Everything from the line that contains "Подвесной светильник Lucide" through the last line below should be transcribed exactly, except the pictures.

### Supplied data
--------------------------------------------------

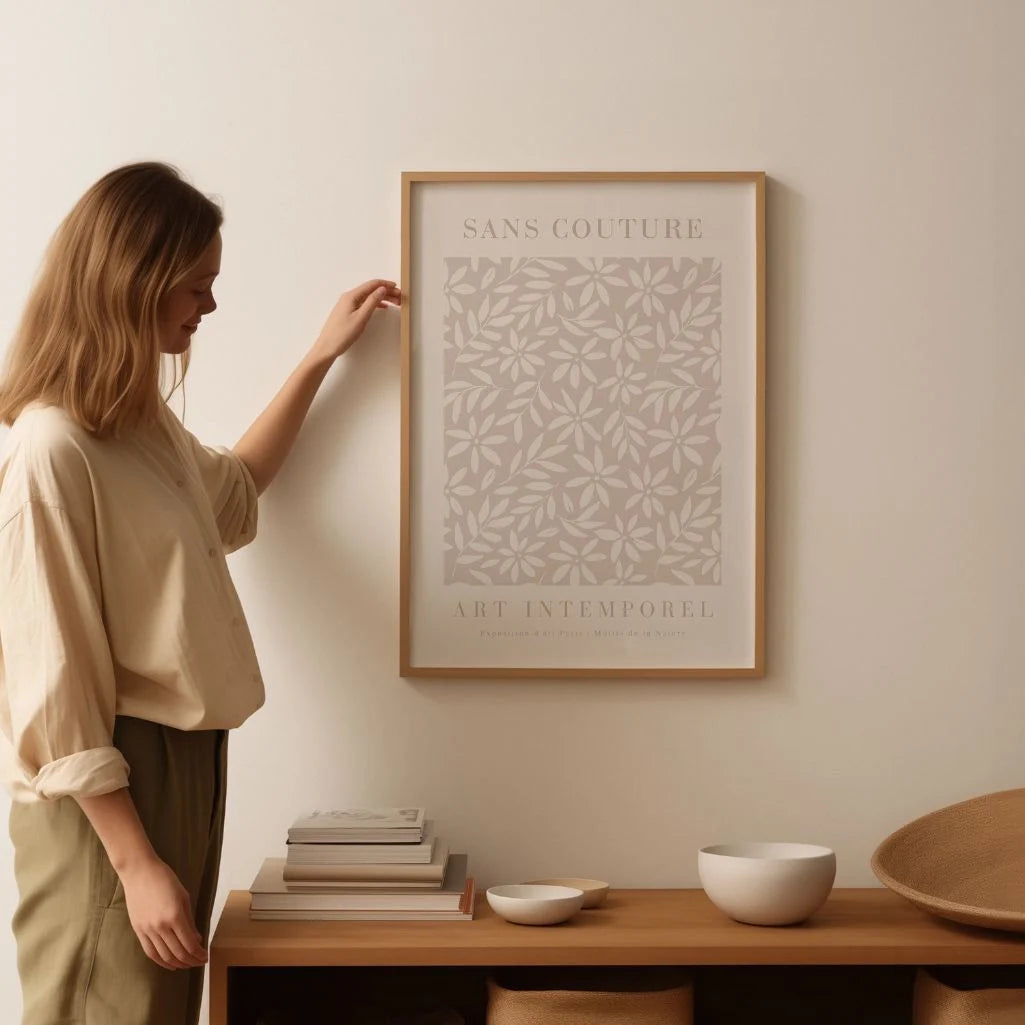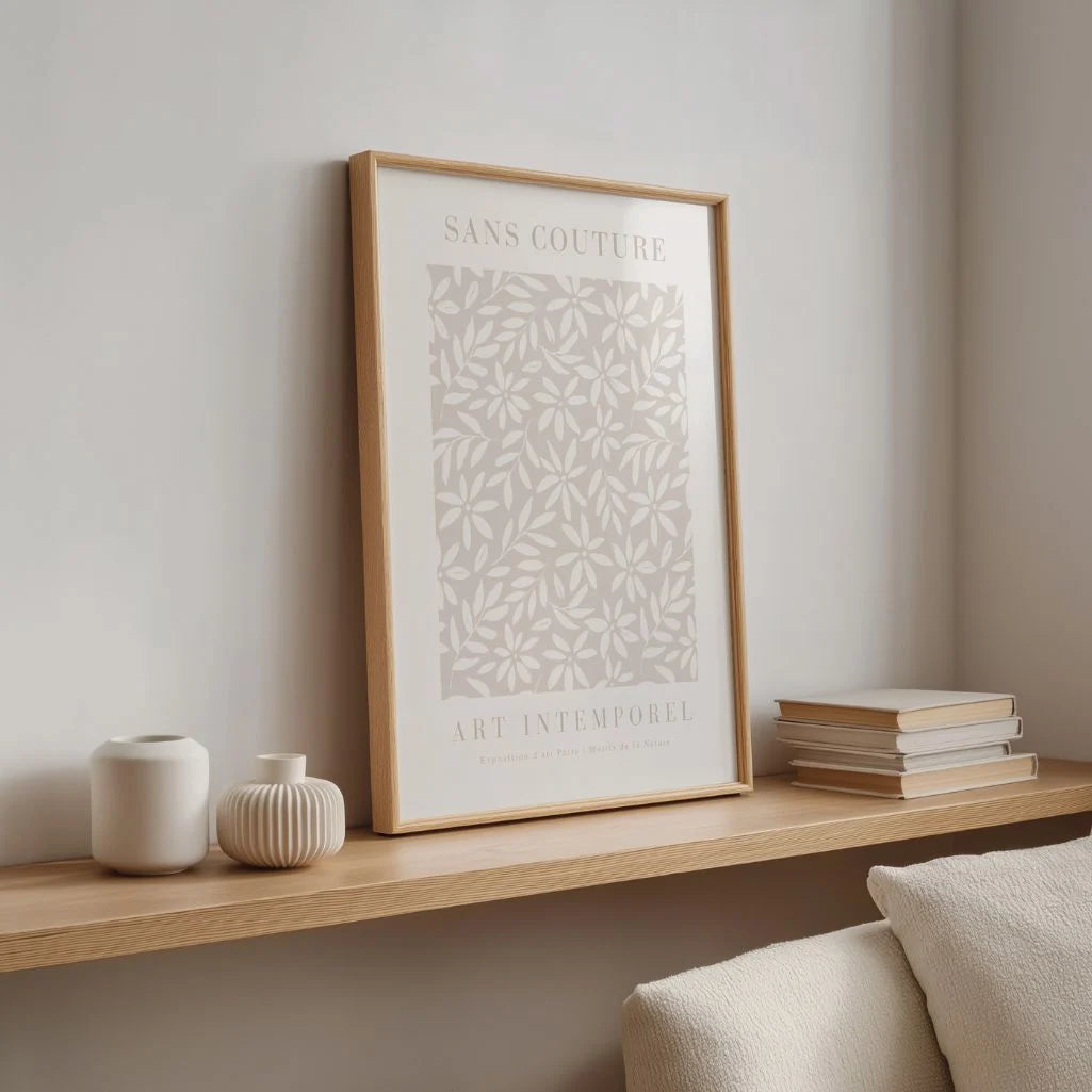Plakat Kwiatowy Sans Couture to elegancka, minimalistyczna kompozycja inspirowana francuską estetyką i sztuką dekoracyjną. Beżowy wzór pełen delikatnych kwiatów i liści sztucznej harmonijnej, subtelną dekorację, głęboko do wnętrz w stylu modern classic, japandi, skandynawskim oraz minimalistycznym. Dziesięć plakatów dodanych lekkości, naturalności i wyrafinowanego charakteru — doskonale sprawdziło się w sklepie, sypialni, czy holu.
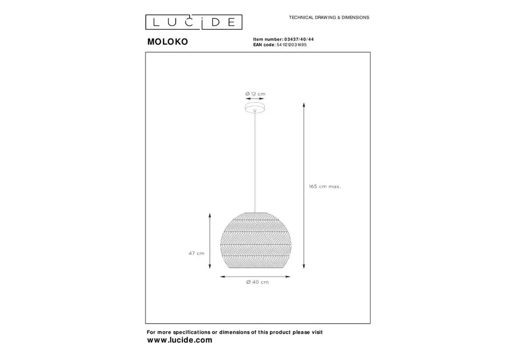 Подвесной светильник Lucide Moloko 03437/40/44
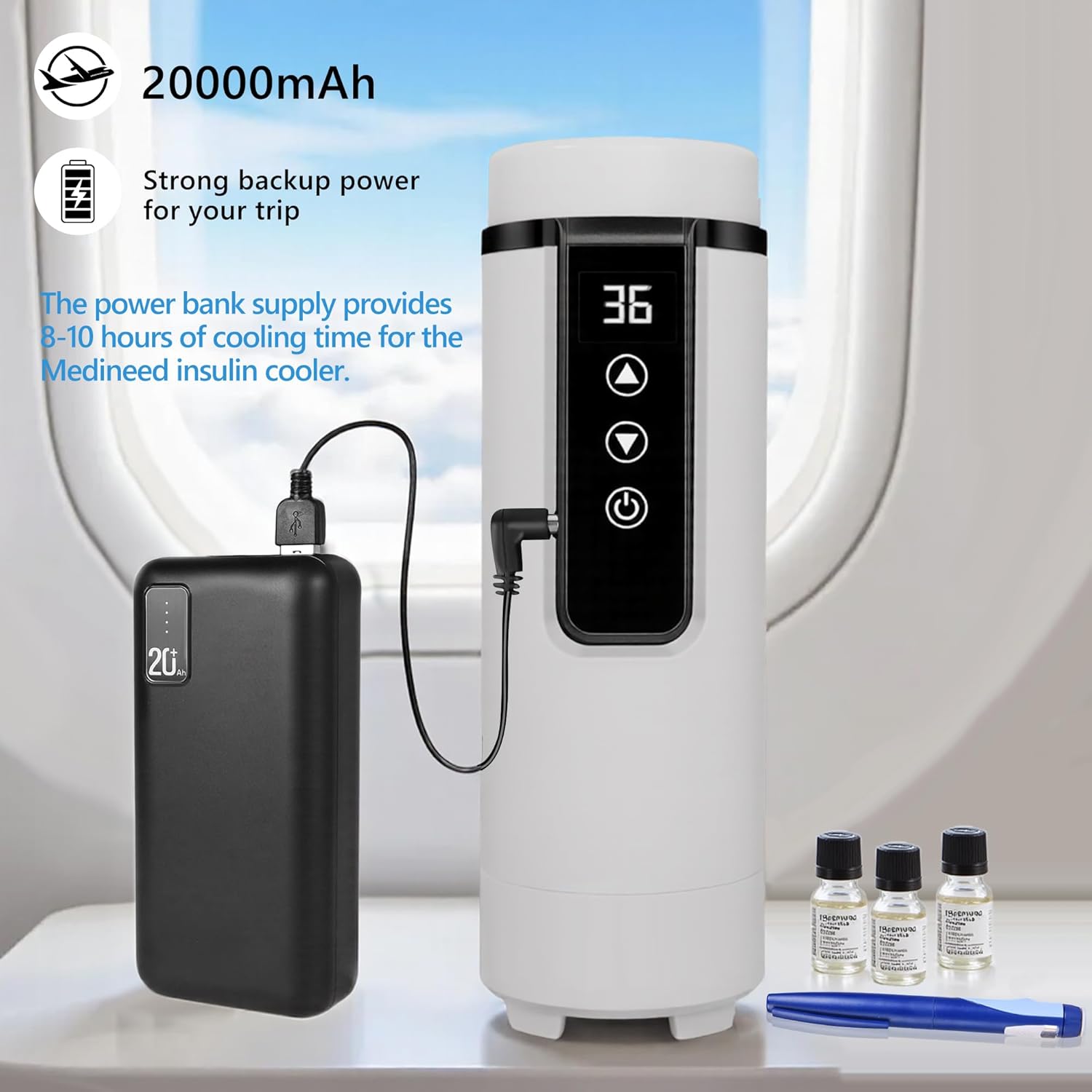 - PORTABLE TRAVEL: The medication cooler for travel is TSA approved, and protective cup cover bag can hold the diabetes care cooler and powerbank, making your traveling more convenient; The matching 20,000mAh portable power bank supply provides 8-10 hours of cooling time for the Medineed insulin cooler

--------------------------------------------------

### Answer for the task
 Подвесной светильник Lucide Moloko 03437/40/44
 - PORTABLE TRAVEL: The medication cooler for travel is TSA approved, and protective cup cover bag can hold the diabetes care cooler and powerbank, making your traveling more convenient; The matching 20,000mAh portable power bank supply provides 8-10 hours of cooling time for the Medineed insulin cooler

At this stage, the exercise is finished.